Дженнифер Иган - Цитадель
Почему?
В моей жизни много сложностей, но ничего интересного, помедлив, отвечает она.
Мне хочется еще немного ее усложнить.
Вот и мне так показалось, говорит она. Вам хочется, чтобы меня уволили с работы.
Ничего, у вас же есть другая работа. Кажется, для нее вы даже наряжаетесь.
Без комментариев, отвечает Холли, но улыбка снова появляется на ее губах.
Вы замужем? — спрашиваю я. Она медлит, и я отвечаю сам: В разводе. А сложности — это, надо понимать, дети. Двое, не меньше. Хотя скорее трое.
Ее лицо вдруг делается беззащитным и растерянным.
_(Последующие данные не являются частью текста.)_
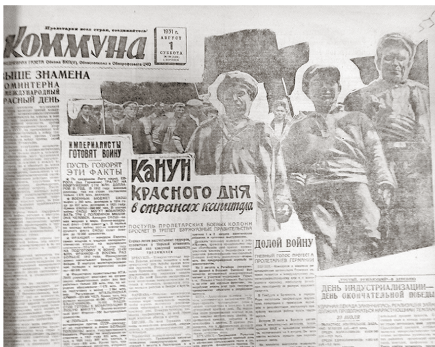
Так выглядела «Коммуна» в начале 30-х годов.

Возьмём для примера всего лишь один номер «Коммуны» – от 28 октября 1931 года. В нём содержится большая подборка оперативной информации под общей шапкой «Где перестроена работа, там темпы идут вверх». Вот выдержка из нескольких сообщений. «Анна (26 октября). По инициативе «Коммуны» на маслозаводе и винозаводе созданы бригады содействия хлебозаготовкам; пленум Курлакского сельсовета совместно с председателями колхозов вынес решение превратить день первого ноября в силовую поточку красных обозов встречного плана имени газеты «Коммуна». «Мордово (27 октября). В районе находится под угрозой срыва выполнения плана хлебозаготовок, в связи с чем бригада «Коммуны» выезжает в отчаившие сельсоветы и берёт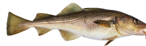
2 Torsk Østersøen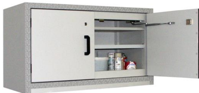
AF-180 Armoire sous paillasse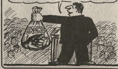
Виталий ЧЕРНИКОВ.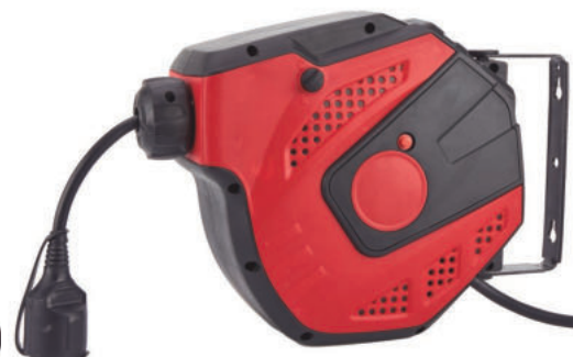
HAE31520N - HAE32520N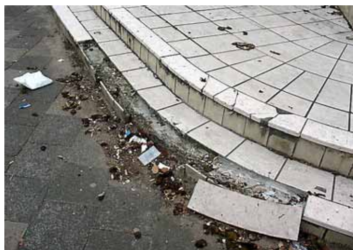
Een kapotte trede bij het oude filmhuis.

HILVERSUM - De ramen van de lobby van het Grand Hotel Gooiland raakt van de houten noodbeboording af. Die heeft drie maanden herinnerd aan de vuurwerkploeg, die daar in de oudejaarsnacht op de stoep zowat alle ruiten vernielde en diverse mensen verwondde.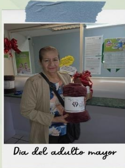
Día del adulto mayor

Но лишь на секунду.
Вы, я вижу, тонкий психолог? Втираетесь к людям в доверие и получаете, что вам нужно. За то и попали к нам сюда… на стажировку?
Нет, эти психологи сюда не попадают, говорю я. Они стажируются в более приятных местах.
А вы тогда за что?
За убийство.
Не верю.
Напрасно.
Холли долго молчит, потом говорит, уже без всякой улыбки: Если вы рассчитывали меня этим впечатлить, то не вышло.
Вы спросили — я ответил, говорю я, но в груди становится тесно. Впечатлить? Может быть, не знаю.
Она раскрывает свою папку и утыкается в какие-то бумаги. Холли, говорю я, но она не поднимает головы. И тогда дверь, которая уже давно должна была распахнуться, наконец распахивается. Перерыв закончился.
Я сажусь за свой стол. В груди по-прежнему тесно.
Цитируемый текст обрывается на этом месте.